TASK BRIEF — Skip pictures in the listing below; copy exactly the lines from the one with "Η ημερήσια κατανομή" through the one with "Шуточное объявление в", inclusive.

DATA EXCERPTS —
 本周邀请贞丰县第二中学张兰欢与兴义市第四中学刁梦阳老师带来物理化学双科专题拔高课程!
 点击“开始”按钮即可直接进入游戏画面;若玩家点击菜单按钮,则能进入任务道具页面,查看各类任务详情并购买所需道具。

==

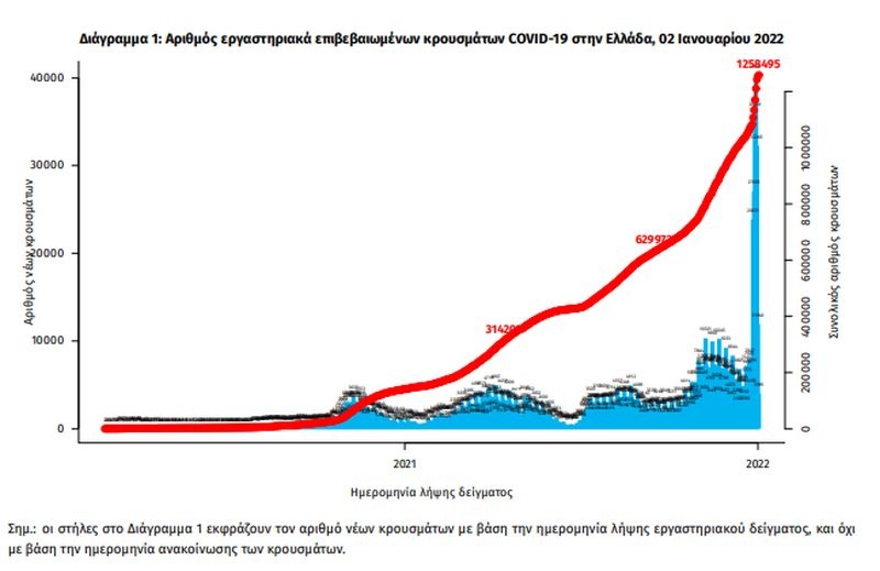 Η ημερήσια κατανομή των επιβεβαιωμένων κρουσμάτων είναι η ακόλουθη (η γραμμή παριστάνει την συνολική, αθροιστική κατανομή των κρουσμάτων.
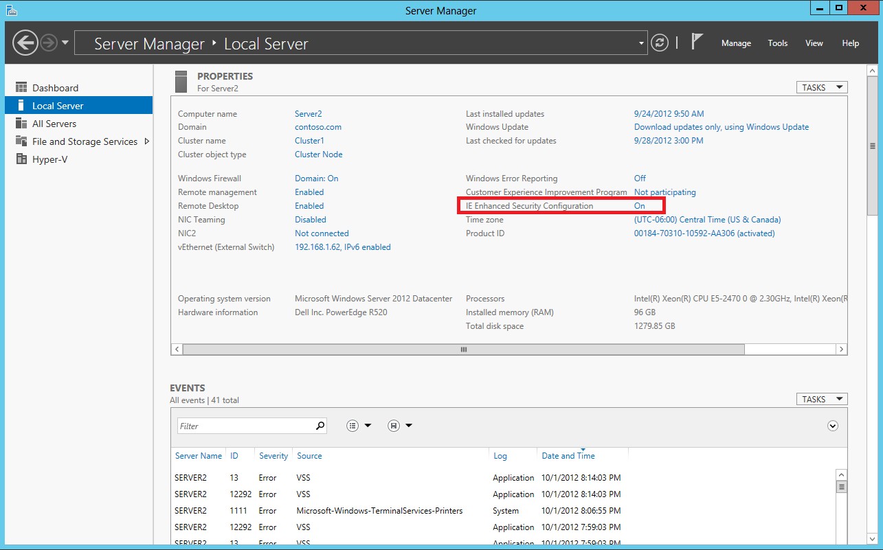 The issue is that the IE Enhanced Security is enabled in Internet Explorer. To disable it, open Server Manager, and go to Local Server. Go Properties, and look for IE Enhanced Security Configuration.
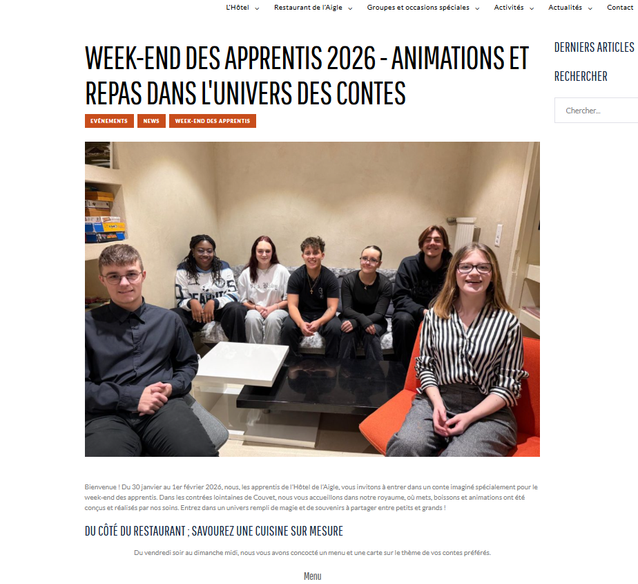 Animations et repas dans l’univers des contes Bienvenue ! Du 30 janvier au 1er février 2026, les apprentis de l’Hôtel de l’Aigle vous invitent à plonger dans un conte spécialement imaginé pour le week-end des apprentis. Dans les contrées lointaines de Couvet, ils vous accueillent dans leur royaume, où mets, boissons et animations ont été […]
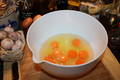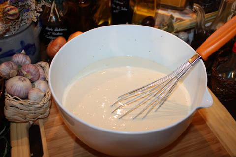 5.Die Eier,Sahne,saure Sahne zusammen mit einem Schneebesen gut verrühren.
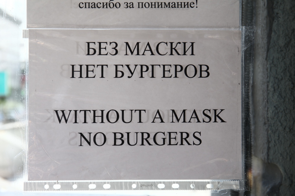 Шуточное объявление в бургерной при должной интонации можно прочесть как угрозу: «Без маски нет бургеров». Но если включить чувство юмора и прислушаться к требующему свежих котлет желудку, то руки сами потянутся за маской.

* * *

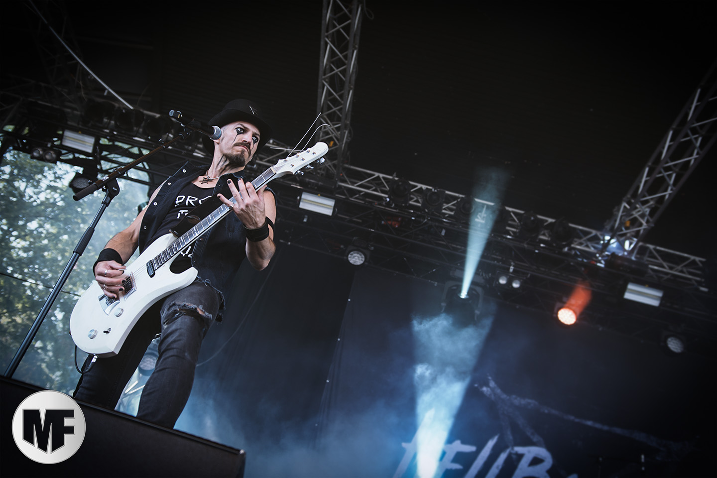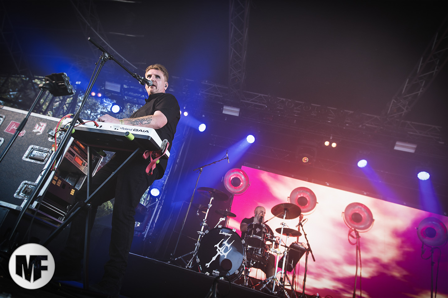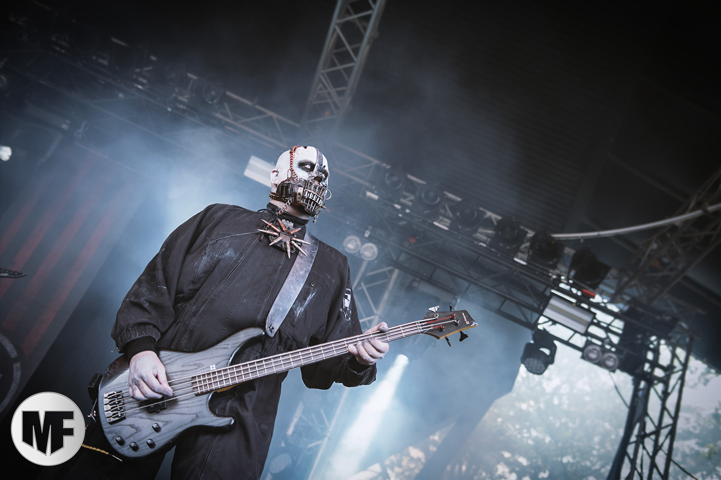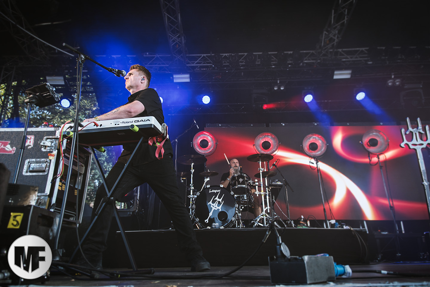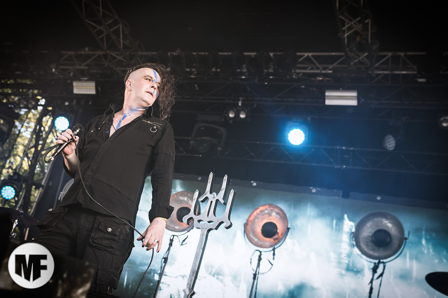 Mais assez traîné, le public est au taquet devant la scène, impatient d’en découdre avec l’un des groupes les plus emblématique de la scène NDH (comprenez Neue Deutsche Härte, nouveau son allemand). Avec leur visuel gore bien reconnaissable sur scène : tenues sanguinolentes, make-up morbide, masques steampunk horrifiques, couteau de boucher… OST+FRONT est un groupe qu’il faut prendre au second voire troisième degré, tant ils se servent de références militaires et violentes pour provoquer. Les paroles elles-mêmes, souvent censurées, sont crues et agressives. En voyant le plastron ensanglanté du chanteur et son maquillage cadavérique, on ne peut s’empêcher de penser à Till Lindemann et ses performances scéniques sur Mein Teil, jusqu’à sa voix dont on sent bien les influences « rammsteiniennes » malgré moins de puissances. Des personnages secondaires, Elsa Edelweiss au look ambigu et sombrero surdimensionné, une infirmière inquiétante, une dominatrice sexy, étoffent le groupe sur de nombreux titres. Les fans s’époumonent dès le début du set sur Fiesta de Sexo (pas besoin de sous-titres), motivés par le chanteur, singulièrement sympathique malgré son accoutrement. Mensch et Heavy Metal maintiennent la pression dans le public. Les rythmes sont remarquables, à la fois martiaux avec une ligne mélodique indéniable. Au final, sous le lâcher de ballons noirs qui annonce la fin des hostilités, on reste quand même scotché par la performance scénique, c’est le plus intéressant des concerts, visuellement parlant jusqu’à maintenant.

YOUR RESPONSE —
 Η ημερήσια κατανομή των επιβεβαιωμένων κρουσμάτων είναι η ακόλουθη (η γραμμή παριστάνει την συνολική, αθροιστική κατανομή των κρουσμάτων.
 The issue is that the IE Enhanced Security is enabled in Internet Explorer. To disable it, open Server Manager, and go to Local Server. Go Properties, and look for IE Enhanced Security Configuration.
 Animations et repas dans l’univers des contes Bienvenue ! Du 30 janvier au 1er février 2026, les apprentis de l’Hôtel de l’Aigle vous invitent à plonger dans un conte spécialement imaginé pour le week-end des apprentis. Dans les contrées lointaines de Couvet, ils vous accueillent dans leur royaume, où mets, boissons et animations ont été […]
 5.Die Eier,Sahne,saure Sahne zusammen mit einem Schneebesen gut verrühren.
 Шуточное объявление в бургерной при должной интонации можно прочесть как угрозу: «Без маски нет бургеров». Но если включить чувство юмора и прислушаться к требующему свежих котлет желудку, то руки сами потянутся за маской.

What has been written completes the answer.